Livros bacanos #3 - Três, de Valérie Perrin

by - quinta-feira, janeiro 16, 2025

Na minha última ida à biblioteca, a bibliotecária, que já me viu sair e entrar inúmeras vezes com livros debaixo do braço, disse-me: "Creio que temos gostos similares. Penso que gostas de histórias muito humanas com um toque negro." Pois claro, assenti. E recomendou-me Valérie Perrin. Peguei no Três e comecei a ler no próprio dia. 

É tudo o que ela disse, e mais. Daqueles, raros, que nos tiram o ar, e nos fazem pensar nele em momentos random do dia. Daqueles que, quando os terminamos, não terminam, devido à marca deixada, não como uma nódoa negra, que essa acaba por se dissipar, mas como uma tatuagem. Mesmo assim, provocam a dor da despedida. Senti isto numa mão cheia de livros ao longo de toda a vida, e senti-o agora. Não vou dizer sobre o que é, nem tecer comentários, porque foi tão pessoal e especial, que mais do que isto (recomendar) sinto que é estragar a experiência (a minha e a de futuros leitores).
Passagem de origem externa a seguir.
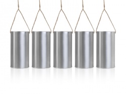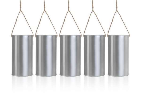 Plechovky k zavěšení ve stříbrné barvě (v balení 5 kusů).

Deixo apenas um trecho, não relacionado com o tema principal, que me fez lembrar o tempo em que saí do Alentejo para ir estudar para a capital:

"Desde que vive em Paris, tem a sensação de já não ver o céu. De comer betão. Antes era o verde, agora é o cinzento aquilo que tem na retina. Nunca ninguém lhe falara daquela violência. Discorre-se sobre conflitos mundiais, prisões, histórias de amor, faits divers, os pasmados, os velhos, prostituição, os desempregados, o fabrico de automóveis, mas nunca ele ouvira testemunhos sobre o que sente um provinciano quando desagua em Paris. Tudo parece imenso, perdemo-nos, sentimo-nos perdidos mesmo que não o estejamos, ninguém se fala, ninguém se vê, ninguém se cumprimenta. Os olhares voltados para um interior imenso, um labirinto de solidões. Como se uma tristeza comum estivesse colada às solas dos utentes do metro.
Paradoxalmente, apesar da opressão, da multidão, Adrien sente-se mais livre. Afogado nas massas. Ser anónimo tranquiliza-o. Aqui, não há mexericos, maledicências nem juízos de valor. Aqui, estão-se todos nas tintas para os outros. Quando se morre em Paris, ninguém sabe. Quando se morre em La Comelle, sai um artigo no jornal.